Aim of the task: Nothing but the lines below between the line holding "Collection High Waist" and the line holding "I can transform", inclusive, should appear in the answer, each set down exactly.

Data to examine:
◇ ◇ ◇

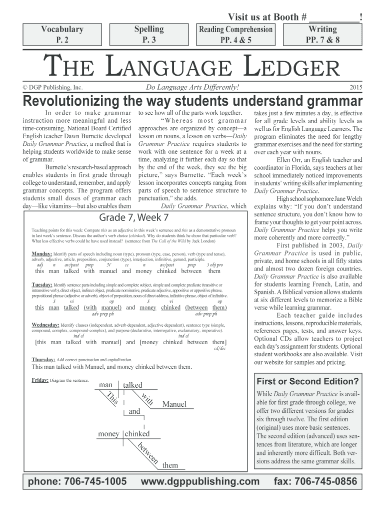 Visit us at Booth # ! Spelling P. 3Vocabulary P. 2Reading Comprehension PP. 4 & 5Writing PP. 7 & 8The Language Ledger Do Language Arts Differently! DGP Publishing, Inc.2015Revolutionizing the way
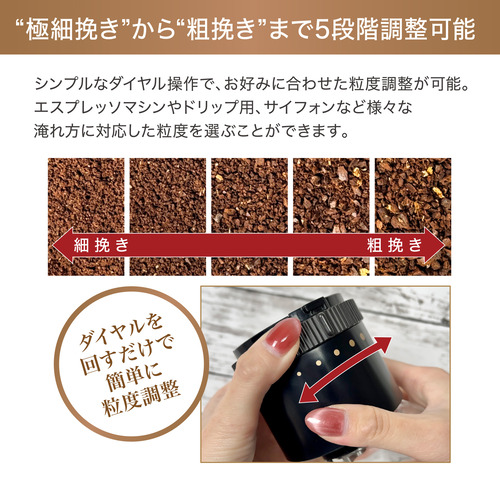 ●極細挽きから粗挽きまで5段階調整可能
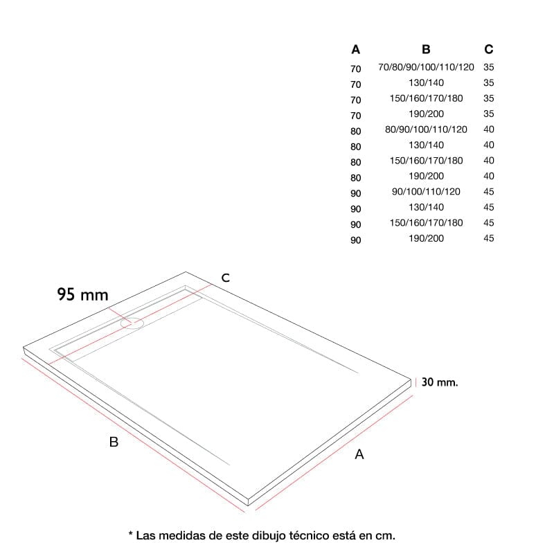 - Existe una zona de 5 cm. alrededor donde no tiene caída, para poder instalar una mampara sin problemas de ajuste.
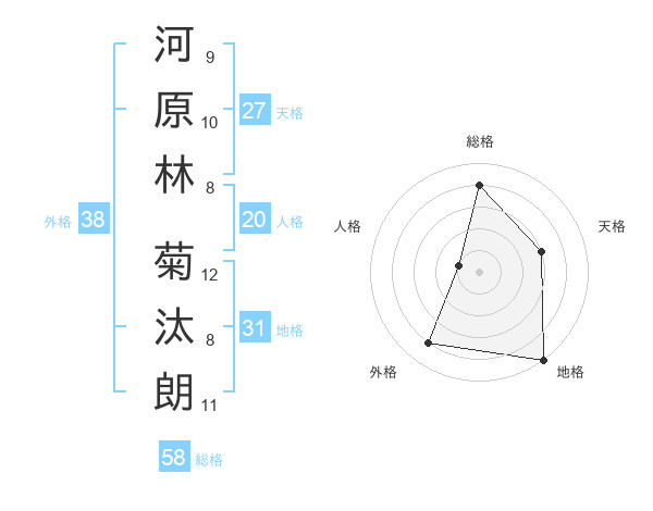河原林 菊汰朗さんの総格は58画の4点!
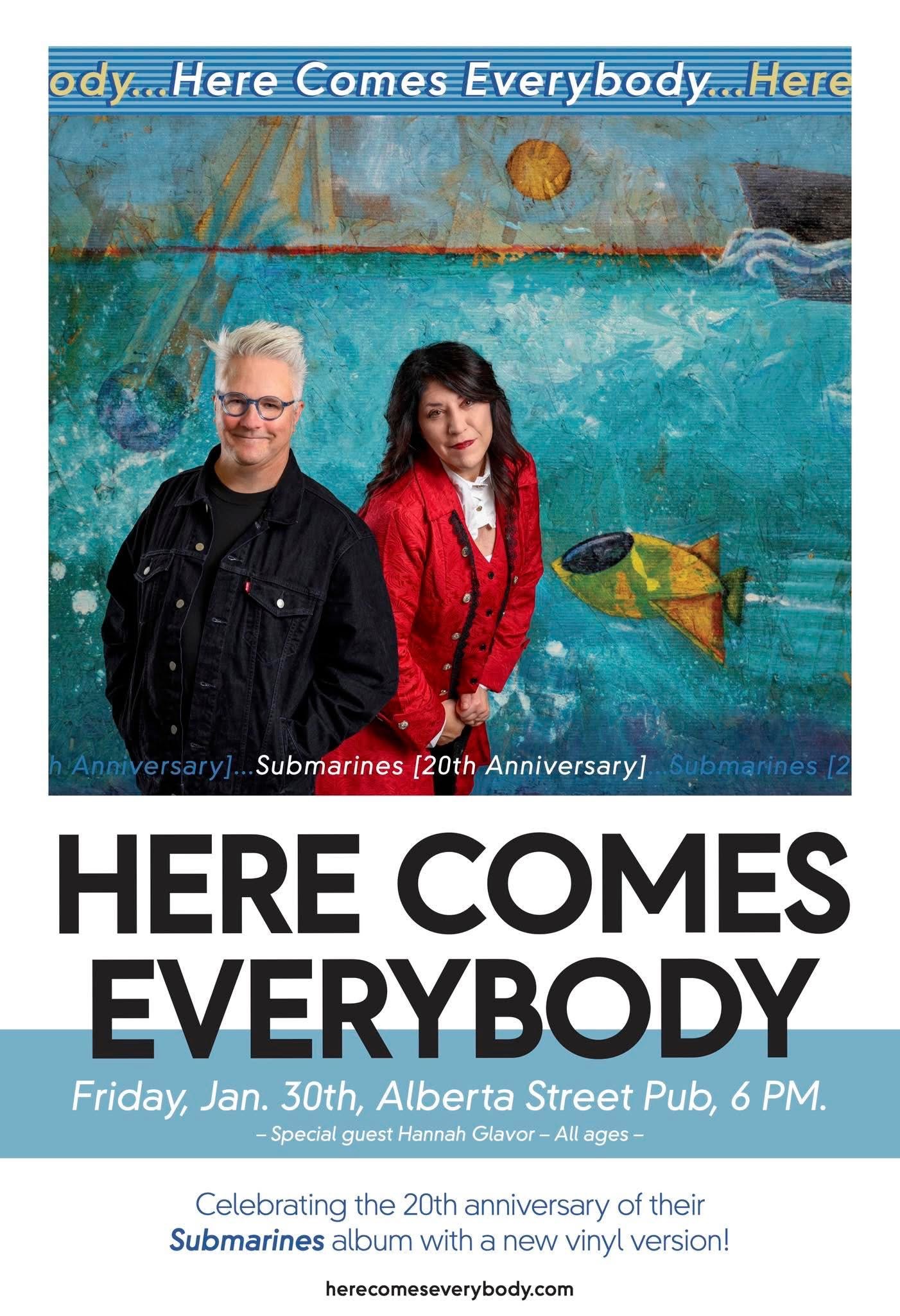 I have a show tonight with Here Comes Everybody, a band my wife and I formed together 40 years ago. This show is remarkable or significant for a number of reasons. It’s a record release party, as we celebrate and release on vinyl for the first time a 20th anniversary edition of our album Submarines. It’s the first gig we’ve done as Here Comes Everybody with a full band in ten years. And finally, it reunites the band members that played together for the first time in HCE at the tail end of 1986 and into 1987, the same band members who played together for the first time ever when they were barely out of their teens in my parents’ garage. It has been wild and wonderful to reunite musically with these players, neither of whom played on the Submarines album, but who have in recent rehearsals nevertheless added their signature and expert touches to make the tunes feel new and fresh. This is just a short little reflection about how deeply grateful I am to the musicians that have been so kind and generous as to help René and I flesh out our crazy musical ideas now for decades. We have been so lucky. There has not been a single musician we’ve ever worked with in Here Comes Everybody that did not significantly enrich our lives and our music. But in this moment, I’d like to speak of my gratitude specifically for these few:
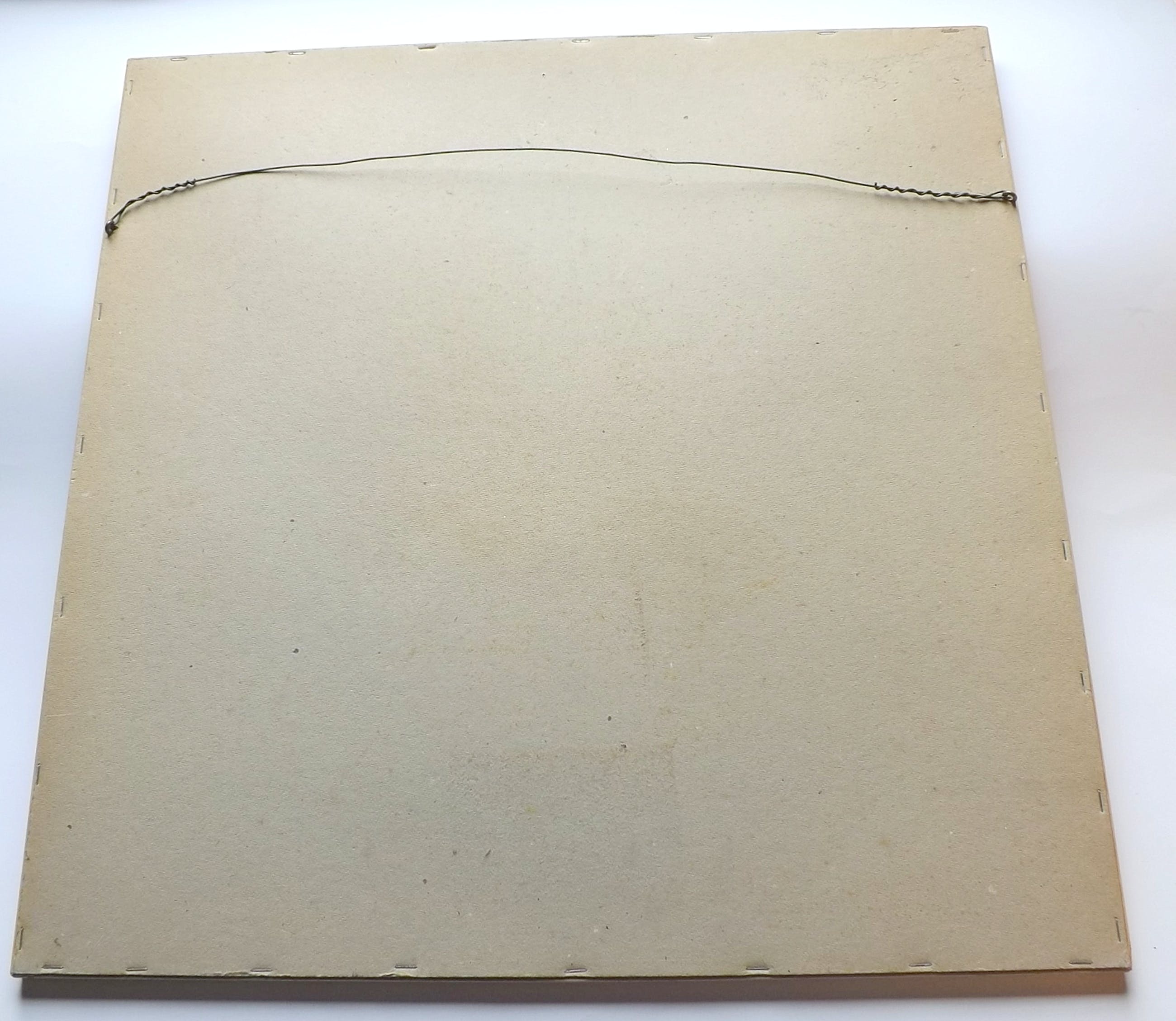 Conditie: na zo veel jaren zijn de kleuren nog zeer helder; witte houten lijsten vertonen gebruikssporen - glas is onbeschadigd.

◇ ◇ ◇

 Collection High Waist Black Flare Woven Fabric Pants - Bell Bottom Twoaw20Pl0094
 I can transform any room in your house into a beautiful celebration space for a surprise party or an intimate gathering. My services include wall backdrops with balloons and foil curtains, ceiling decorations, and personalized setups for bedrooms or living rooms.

◇ ◇ ◇

Result for this task:
 Collection High Waist Black Flare Woven Fabric Pants - Bell Bottom Twoaw20Pl0094
 I can transform any room in your house into a beautiful celebration space for a surprise party or an intimate gathering. My services include wall backdrops with balloons and foil curtains, ceiling decorations, and personalized setups for bedrooms or living rooms.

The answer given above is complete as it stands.